Nutella Mini Donut
Hazelnuts are one of the greatest complements to chocolate, but they are incredibly hard to find anytime besides the holidays. Thankfully, Nutella—the perfect combination of hazelnut and chocolate in a delicious spread—is available year round.
These Nutella Mini Donuts are the perfect way to serve up a scrumptious dose of your favorite chocolate hazelnut spread!
INGREDIENTS
- 1 cup all purpose flour
- 2 teaspoons baking powder
- 1⁄4 teaspoon salt
- 1⁄4 cup Nutella
- 1⁄2 cup granulated sugar
- 1 large egg
- 3⁄4 cup whole milk
- 2 tablespoons vegetable oil
FOR FROSTING
- 2 tablespoons Nutella
- 1⁄2 cup powdered sugar
- 1 tablespoon whole milk
How to make
- If using an electric donut maker, preheat according to manufacturer’s instructions.
- If using donut pans, preheat oven to 350°F and grease donut pans.
- In a small bowl, whisk together flour, baking powder, and salt. Set aside.
- In a medium bowl, cream together Nutella and sugar. Carefully add egg, milk, and oil, mixing until thoroughly combined.
- Then, alternating the flour mixture and milk, combine all ingredients until there are no lumps.

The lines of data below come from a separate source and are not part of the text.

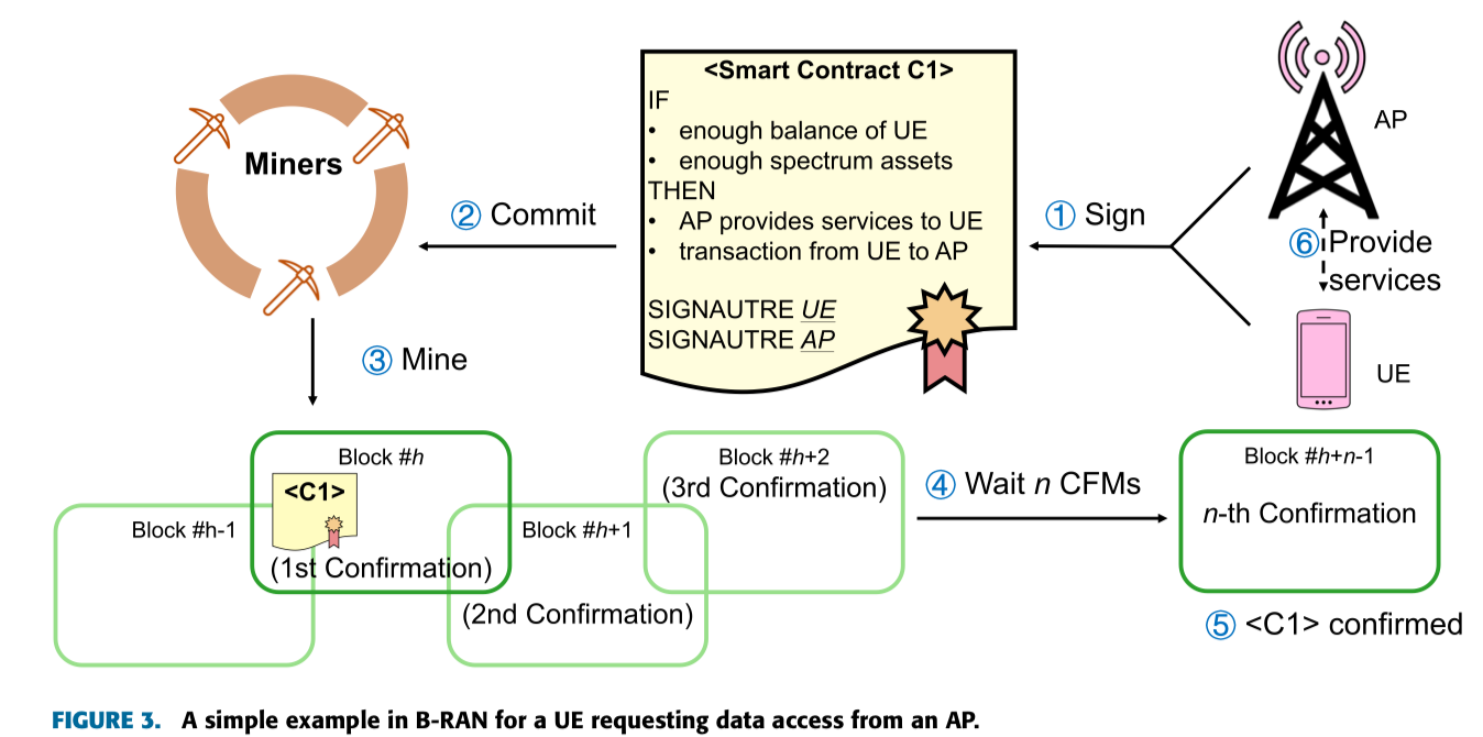 由客户的数字签名授权的合同(图3中的步骤1)。智能合同承诺(步骤2)给采矿网络,并由矿工验证,以确定UE是否有足够的信用余额支付AP,AP是否有足够的可用频谱资产。如果满足合同条件(例如,足够的余额和频谱资产),则将验证的合同聚合以创建新区块,然后将其添加到现有区块链(步骤3)。在其上构建多个验证块(步骤4)后,新的挂起块将被接受到主链中(步骤5)。UE将被授予对频谱资产的有时间限制的访问权,并且AP将自动从UE接收访问费(步骤6)。B-RAN中的区块链可以组织一个大型合作网络并保护参与者的利益。UE的利益和AP的权利由智能合约强制执行,从而在最初不受信任的AP和UE之间建立信任。
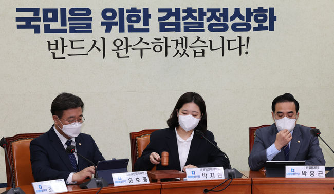 한편 조 대변인은 이준석 국민의힘 대표가 검찰 수사권 완전박탈(검수완박) 입법 여야 합의안 재검토를 지시한 데 대해선 "잠깐 말씀이 있었지만 구체적으로 어떻게 (대응)하자는 부분은 논의하진 않았다"고 신중한 입장을 보였다.
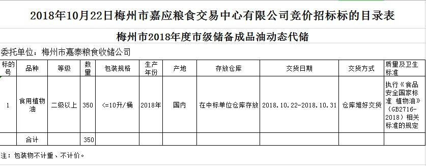 2、食用植物油350噸,等級:二級以上,包裝規(guī)格<=10升/桶。
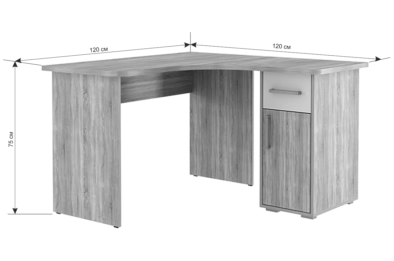 Стол компьютерный 1200 угловой Лайт-1 дуб сонома/белый в Мегионе
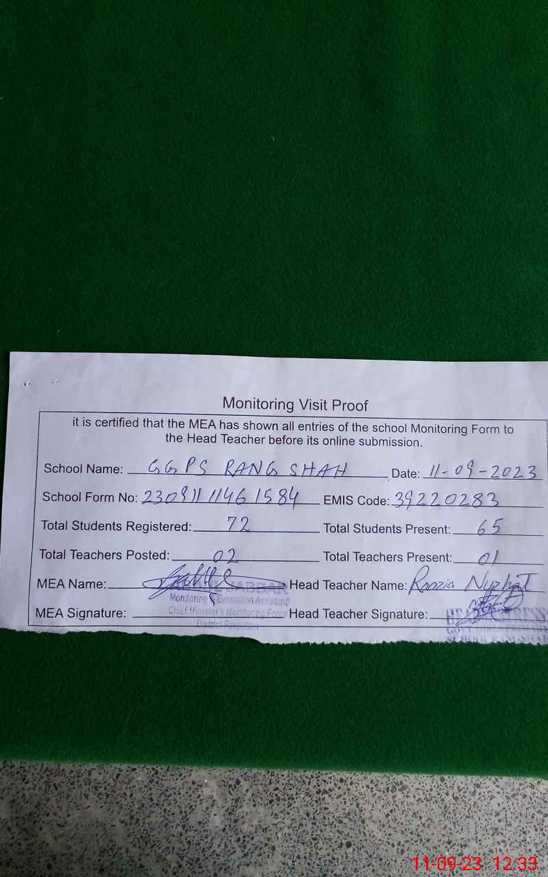 | EMIS Code: 39220283 | Name of School: GGPS RANG SHAH | |||
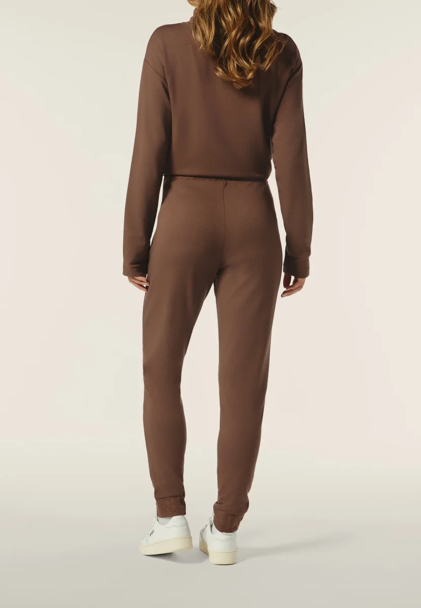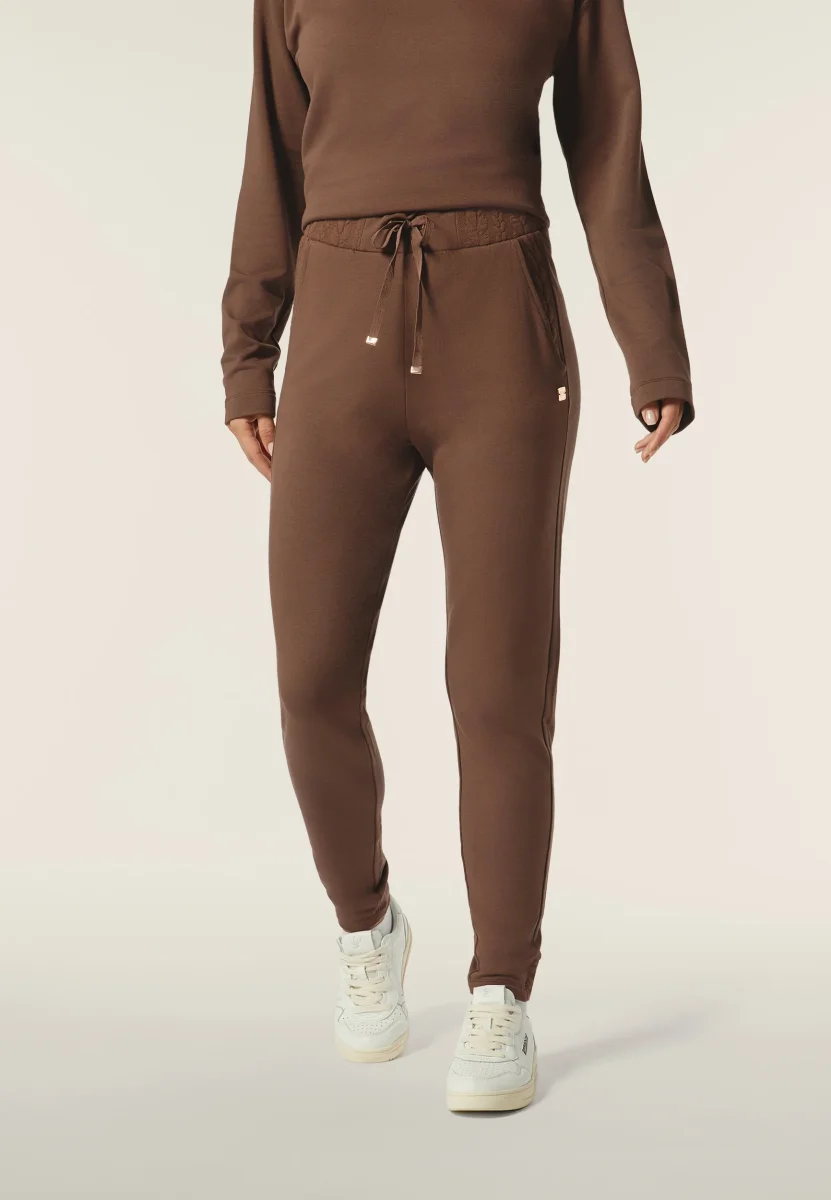 Questo pantalone regular fit da donna è realizzato in felpa garzata di viscosa, un tessuto caldo e confortevole. La vita regular con coulisse e gli inserti in felpa bonded a trecce su vita, tasche e fondo posteriore aggiungono un tocco di stile unico richiamando l’aspetto della maglia in lana lavorata. Le tasche interne alla francese e il logo applicato sul fianco sinistro completano il design ricercato e alla moda.
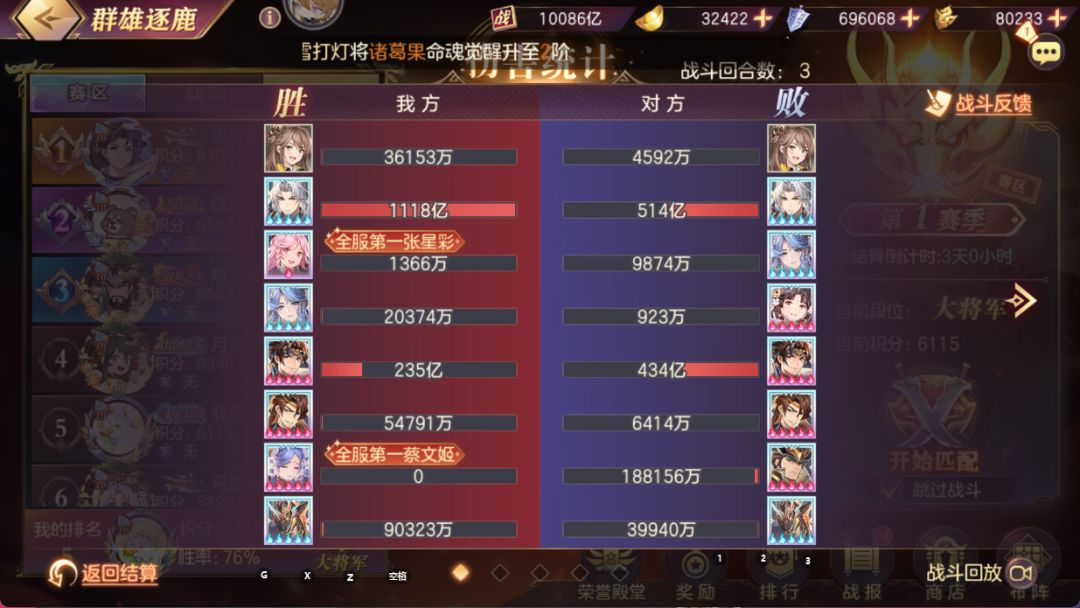 上面的战报只是打出来的个例,理论上最优是加上命魂吕布命魂诸葛果然后拼战力
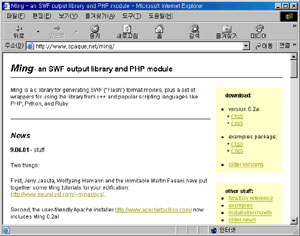 PHP에서 플래시 파일을 만들 수 있는 라이브러리에는 libswf와 ming이 있습니다. libswf는 4.0RC2이상의 버전에서, ming은 4.0.5부터 정식으로 사용할 수 있습니다. 어느 족을 사용하든 상관없겠지만 저는 다음과 같은 이유로 ming을 아용하기 결정했습니다. ◆ ming은 오픈
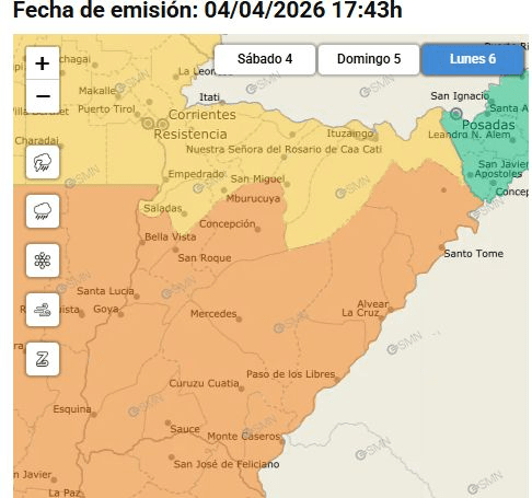 El panorama se tornará más complejo hacia el lunes, cuando gran parte de la provincia quede bajo alerta naranja. Comprendido por Concepción, Curuzú Cuatiá, Mercedes, San Roque, Sauce, General Alvear, Paso de los Libres, San Martín, Santo Tomé, Bella Vista, Esquina, Goya y Lavalle. Por lo que se prevén tormentas fuertes e incluso localmente severas, con condiciones que podrían generar un mayor impacto.
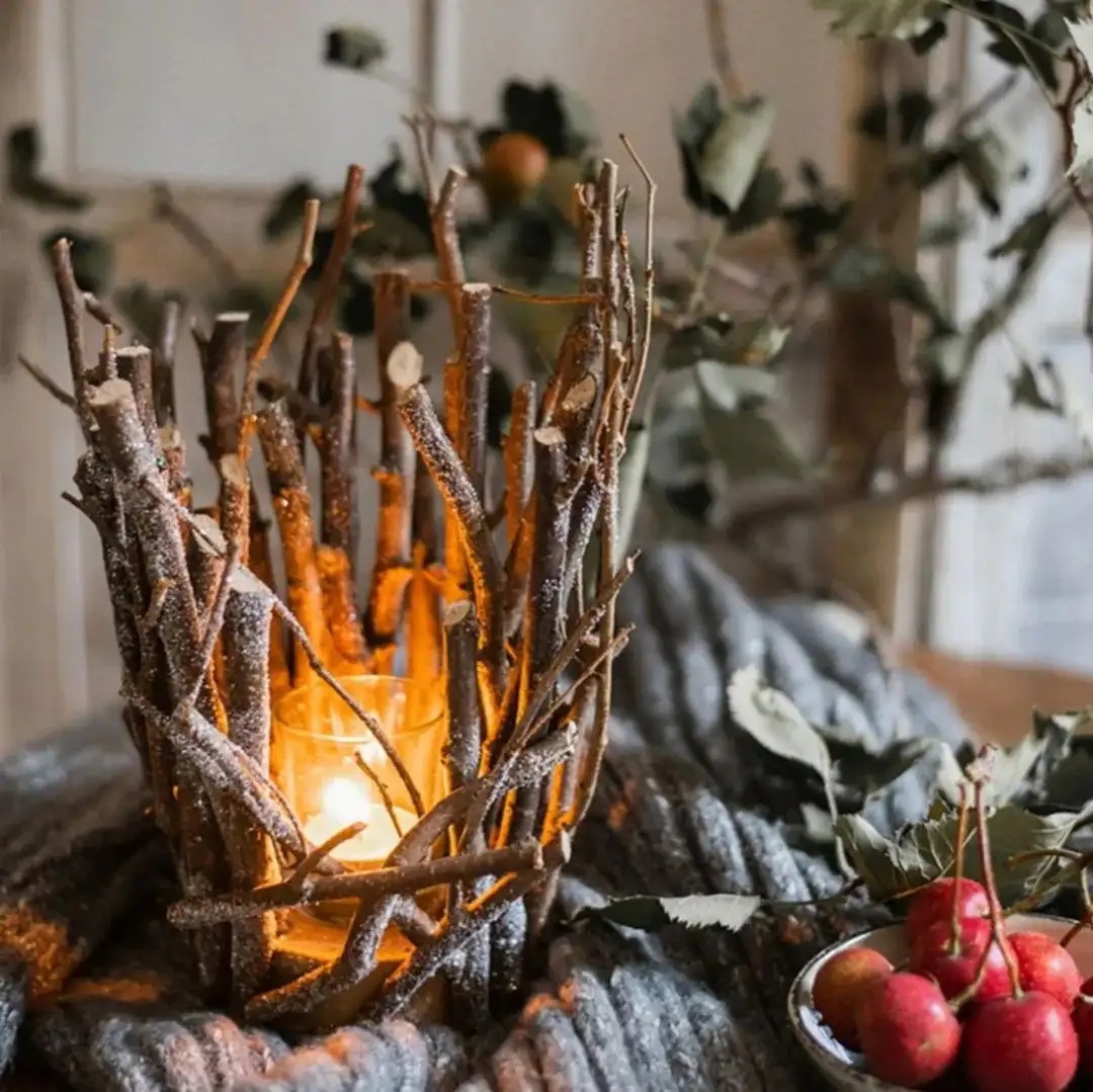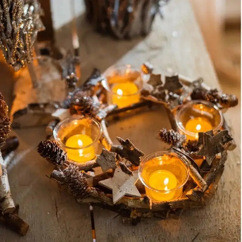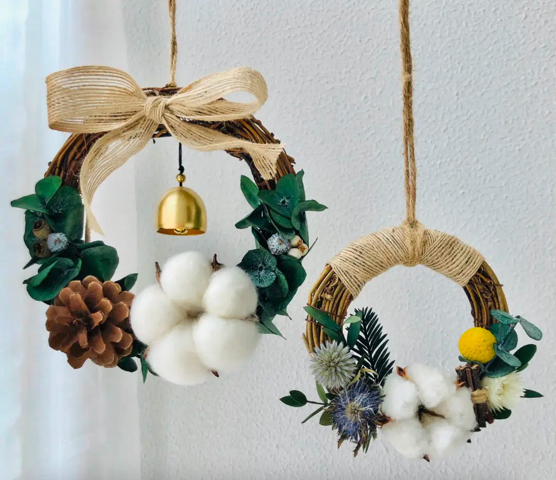 除了干木柴制成的烛台,种类丰富的干花也能制作超好看的摆件,比如做一个超有冬季过节氛围感的草木花环,叮叮当当,敲响新年的钟声。
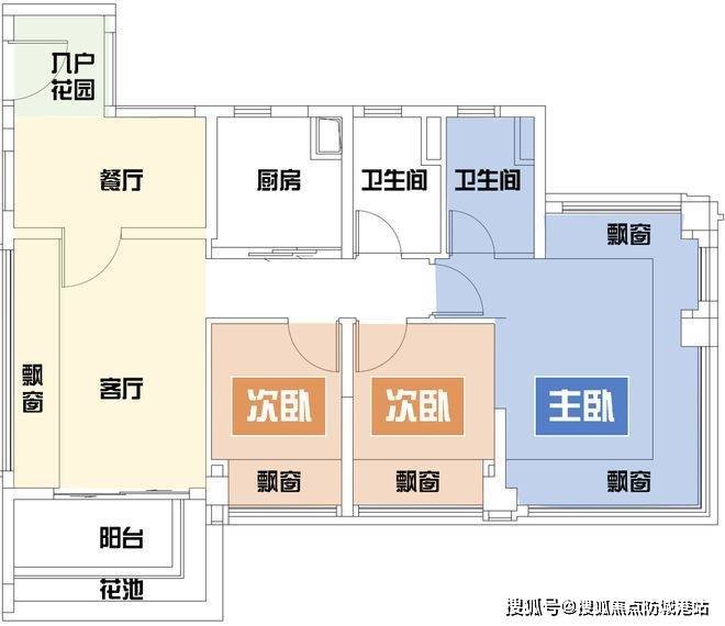 ①空间升级:三房设计比传统户型多1房、约3.4米客厅开间、带入户花园
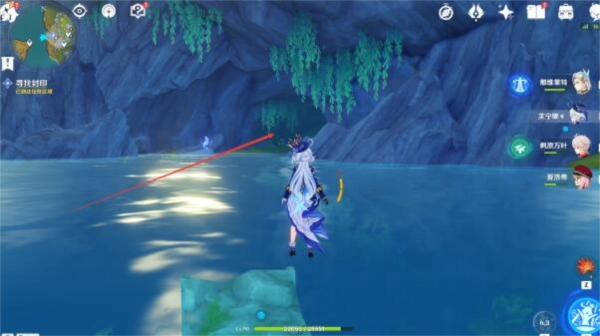 1、首先前往海面的洞窟中,在下图所示的位置找到封印。
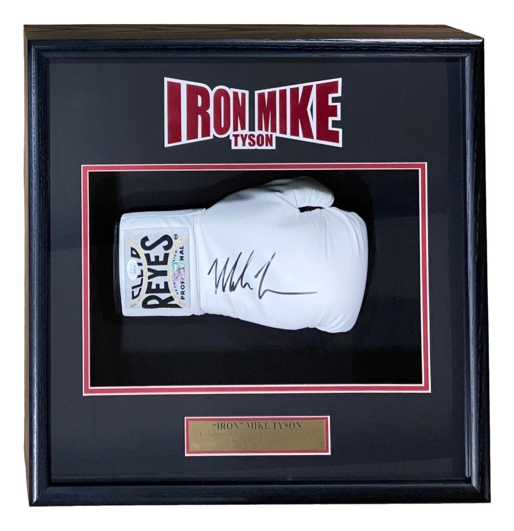Featured is a Mike Tyson signed Cleto Reyes boxing glove. This glove has been hand signed by Tyson and comes with the JSA hologram and certificate of authenticity. This glove has been professionally framed in a shadow box and is approximately 18x19x4. This glove would make a great addition to any sports memorabilia collection!.
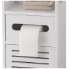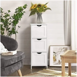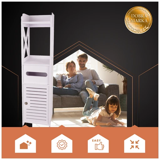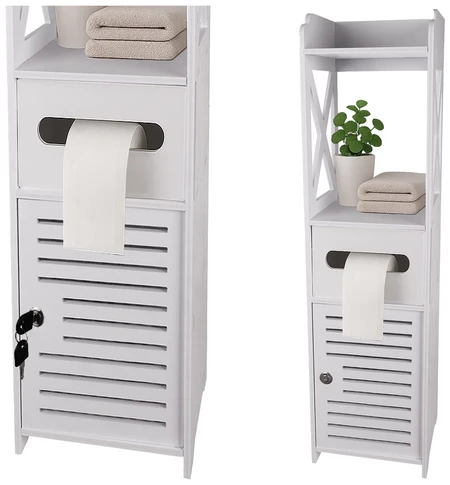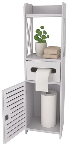 Tilaa säästävä pylväsmuoto: Kapean ja korkean rakenteensa ansiosta kaappi sopii ahtaisiin tiloihin ja tarjoaa runsaasti piilotettua säilytystilaa WC-paperille, pyyhkeille, kosmetiikalle tai puhdistusaineille.
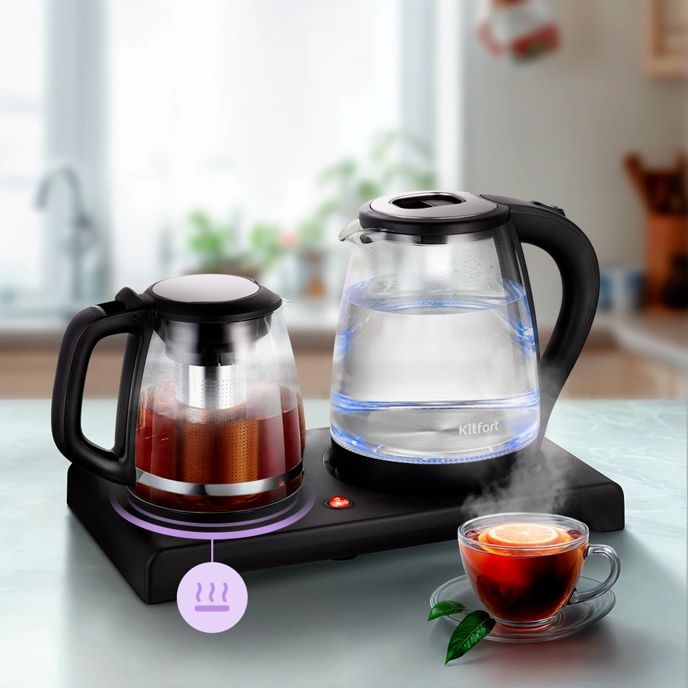 Стильный и функциональный чайный набор Kitfort КТ-6179 состоит из чайника ёмкостью 2 л, кувшина с фильтром для заварки ёмкостью 1,2 л и базы. Набор поможет вам не только вскипятить воду, но и заварить чай или кофе.
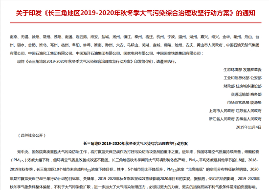 新浪财经讯 11月12日,生态环境部印发《长三角地区2019-2020年秋冬季大气污染综合治理攻坚行动方案》。
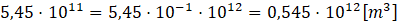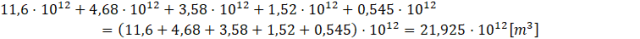 W pierwszym kroku zadania musisz obliczyć łączną objętość wszystkich jezior. Zauważ, że większość objętości jezior jest zapisana przy użyciu 1012, jednak objętość Jeziora Górnego i Jeziora Eire są zapisane za pomocą innej potęgi 10. Aby dodać wszystkie objętości, muszą one być zapisane przy pomocy tych samych potęg. Dlatego należy sprowadzić objętości Jeziora Górnego i Eire do takiej samej potęgi jak pozostałe. W tym celu dane potęgi musisz zapisać jako iloczyn 1012 i takiej potęgi 10, że po przemnożeniu dostaniesz z powrotem wyjściowe potęgi. Następnie te drugie potęgi 10 przemnóż przez wartości liczbowe.
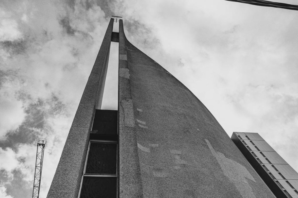 De kerk ligt aan de Avenue Karl Marx, we waren al de Boulevard Lenin overgestoken, voor de Bourse du Travail steek je de Avenue Jean Jaurès over, genoemd naar een Franse socialist uit de jaren dertig. In een buurt met zulke namen past een architect met een socialistisch hart: de Braziliaan Oscar Niemeyer, een van de godfathers van de moderne architectuur. Niemeyer was in 1964 Brazilië ontvlucht na een staatsgreep en zocht zijn refuge in Frankrijk, waar hij een drietal gebouwen ontwierp, waarvan twee in Parijs.

- If using mini donut pans: Carefully fill each donut indentation 3⁄4 full. Bake for 7–9 minutes or until donuts spring back when touched. Remove from oven, transfer to a cooling rack, and let cool completely.
- If using an electric mini donut maker: Carefully fill each donut indentation 3⁄4 full. Bake according to manufacturer’s instructions or until the donuts spring back when touched. Transfer donuts to a cooling rack and let cool completely.
- Place wax paper under a wire rack to collect any drippings for an easy cleanup. Then, in a small bowl, whisk together Nutella and powdered sugar. Slowly add milk, whisking constantly, until you get a smooth frosting.
- Dip the top of each donut into the frosting and transfer to a wire rack. Let frosting set for 5 minutes and then serve. Donuts can be refrigerated in an airtight container for up to 3 days but are best when eaten fresh.